Waysides and boonies, the worn-out awning,
slop-sided porch. Roadside morning
glory pastoral. Rough song
               in the chapel, wings in a house

               toothed inside a farm gone
               field, its familiar vine. I walk socks high
               to avoid ticks and weather heavy my hands
                               adrift. Marsh twines woods into island

highways. Headlights spatter emptied windows
with linens and movement. There is so much
to look at indirectly. Chicken coops
               weed hollows. And all I have to do is unshelter

               you. I've never mentioned it, how you were
               a not uncle uncle, how men befriend all the empty
               structures in the familial, of the body. That you
                               would lift me high. That you sometimes

wouldn't let go. There's this song swung country,
salt smooth, warm—I hear it in that back seat
truck tanged acidic.
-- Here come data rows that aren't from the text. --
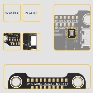W zestawie dwie metody instalacji, jedna strona ma złącza wtykowe do cyfrowego nadajnika wideo, odbiornika, kamery, VTX i GPS, 4 x złącza LED. Kolejny do lutowania
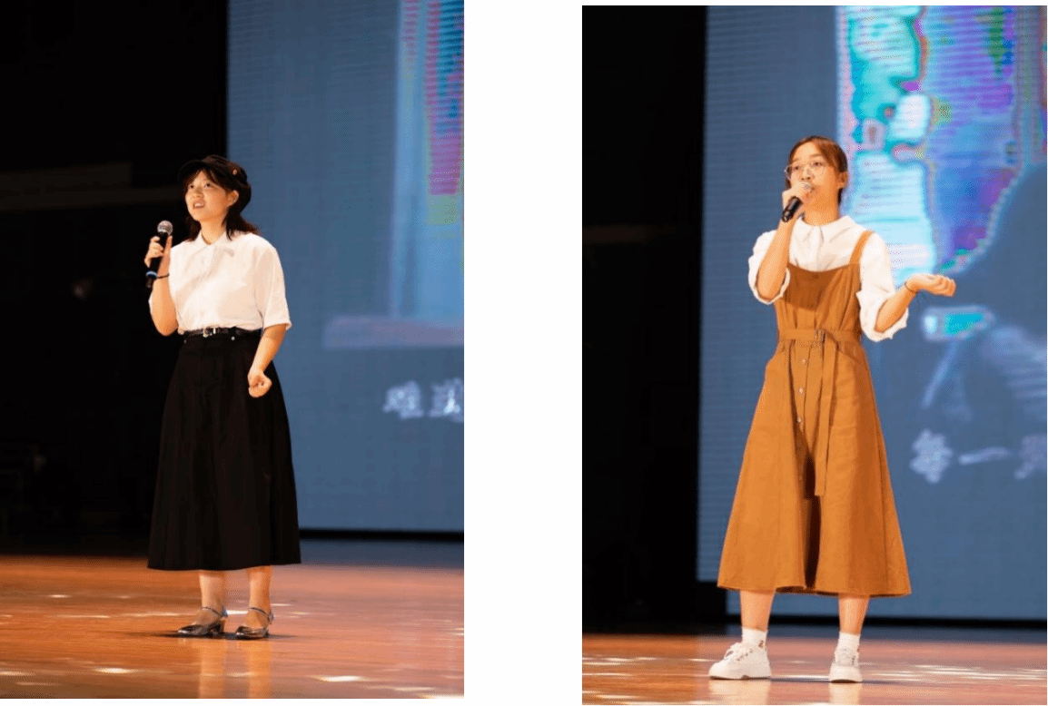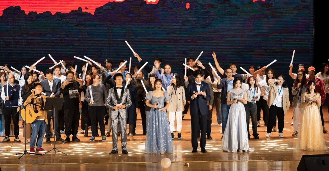The BBox & Rap Band of Jiuxianyin Art Troupe showed their exceptional artistic talent with the song “Just a Little Bit”, which once again drove the atmosphere of the scene, and the mellifluous songs floated over the Soaring Student Centre.
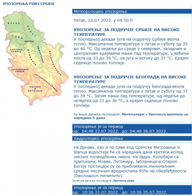 УПОЗОРЕЊЕ ЗА ПОДРУЧЈЕ СРБИЈЕ НА ВИСОКЕ ТЕМПЕРАТУРЕ
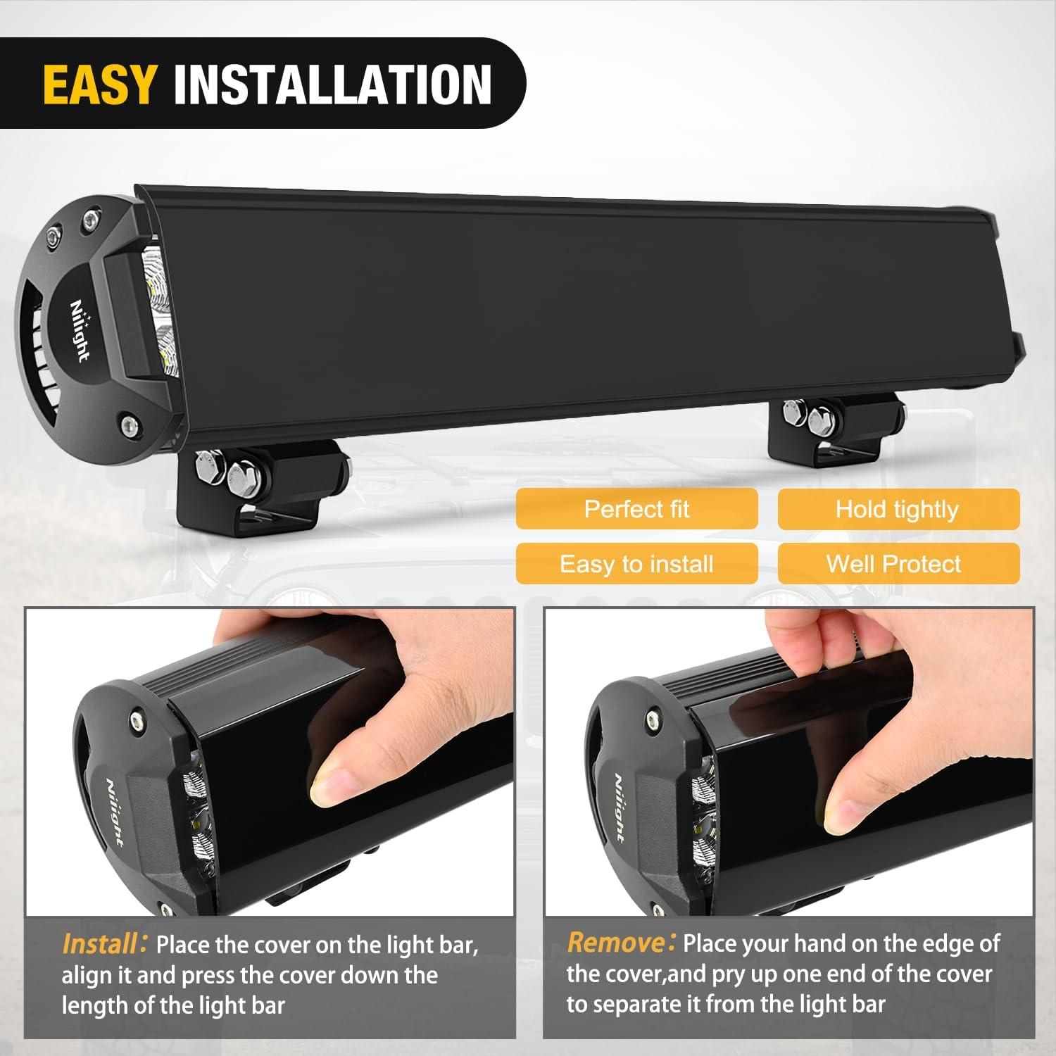 Easy Installation: With snap-on design, easy to install and remove,and can be firmly fasten to the light bar to prevent falling off due to severe vibration , allowing you to enjoy your off-road journey without any worries

I have this feeling
               I've unknown the crook within

               my palms. Blackwater rivers versed in little
               light, worried roots tucking knees
               into. I just want to hit ground first,
                               scrape prints into grit, pray an unsaved

wish into pieces. The warp of what I unsee
enters by leaving me first. Eyes
boxed-in and turned. The truck's rearview
               wasn't metaphor when I remember

how it angled me closer. The mirror
bent but direct. It takes time

               for a swamp to render; unnamable
               in its reverence. I could go
               naming dried bramble, thick oak
                               eaten torn. I could only name them in their loss.